The algorithm model in the invention comprises any one of three CNN convolutional neural networks and LSTM, GRU, RNN, wherein the three CNN convolutional neural networks respectively extract key features of EEG data, ECG data and blood pressure data, then the key features of the extracted EEG data, ECG data and blood pressure data are spliced and extracted by using LSTM (global system for mobile unit) or GRU (global system for mobile unit) or RNN (global system for mobile unit), and finally the anesthesia depth is classified.

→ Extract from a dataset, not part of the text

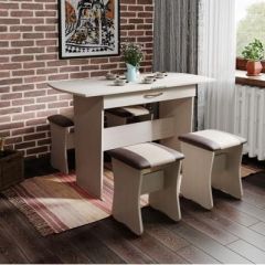 Состав изделий в наборе: Стол - 1шт., Табурет - 4шт.

More specifically, the former part of the algorithm acquires key features through CNN convolutional neural drop networks, then reduces data volume, and preferably performs early data processing, and the deep learning models of the branches corresponding to the 3 key sign parameters of the part have the same structure and all comprise 4 convolutional layers, 2 maximum pooling layers and 1 dropout layer. Since the two key parameters of the ECG and EEG are similar, the ECG and EEG branches employ the same CNN convolutional neural network key parameters. Also to provide efficiency-reducing training and model runtime after training is completed, both the ECG and EEG feature parameters share weights in the convolutional neural network part, i.e. the same weights are used. The critical features of the signals of blood pressure have some unique features with the ECG and EEG, so the parts requiring blood pressure need to be modeled using different critical parameters from the ECG and EEG. Essentially the purpose of using CNN convolutional neural networks for these 3 physical features is to reduce the amount of data to obtain key features.

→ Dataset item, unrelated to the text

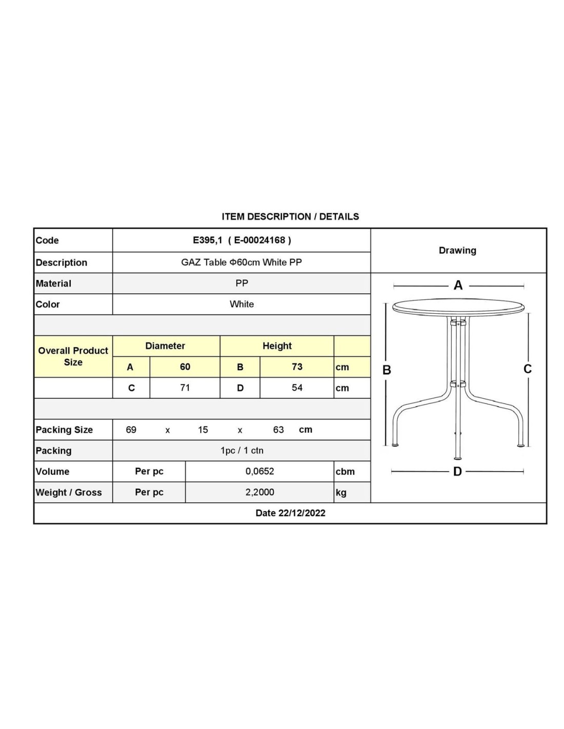 GAZ Τραπέζι Κήπου - Βεράντας, PP Άσπρο

The latter part of the whole algorithm adopts LSTM or GRU or RNN to splice and fuse the simplified key characteristic data acquired through CNN convolutional neural network, because the 3 characteristic parameters of EEG, ECG and blood pressure have great relation with time sequence, after the 3 characteristics are spliced according to channels, the time sequence characteristic extracted by LSTM is adopted, finally the probability of each anesthesia depth class is acquired through Softmax, and the class corresponding to the maximum probability is selected as the anesthesia depth class. In 3 anesthesia depth classifications, the accuracy of anesthesia wake prediction is of paramount importance, because patients may have intra-operative awareness, affecting post-operative recovery, whereas misclassification errors between anesthesia induction and anesthesia maintenance do not have a major impact on the patient. Therefore, the loss function in model training adopts a weighted Softmax function to give different weights to the 3 anesthesia depth classification results, namely, the punishment of anesthesia wakeup prediction errors is increased.

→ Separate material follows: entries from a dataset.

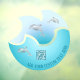 Eine abstrakte Form, die eine Welle darstellt. In der Welle sind silberne springende Delphine und ein Aloha-Text. Mit einem scannbaren qr-Code.
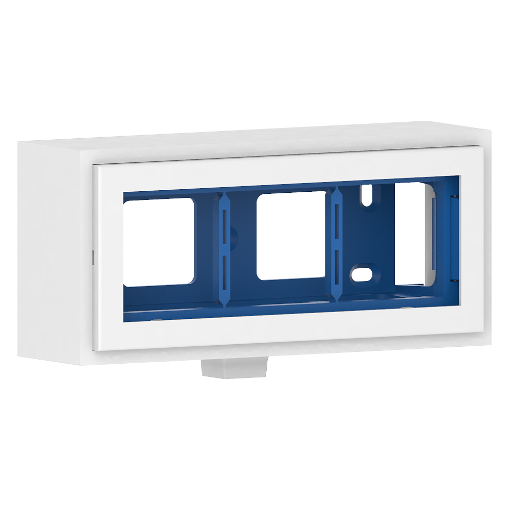 Outer corner as moulded hood for installation trunking, for routing cables around wall projections.
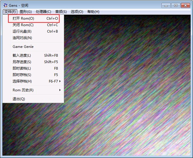 4.在文件中选择“打开rom”选项,导入游戏文件,在这里以经典md游戏大锤恐龙为例子

The foregoing has shown and described the basic principles, principal features and advantages of the invention. It will be understood by those skilled in the art that the present invention is not limited to the embodiments described above, and that the above embodiments and descriptions are merely illustrative of the principles of the present invention, and various changes and modifications may be made without departing from the spirit and scope of the invention, which is defined in the appended claims. The scope of the invention is defined by the appended claims and equivalents thereof.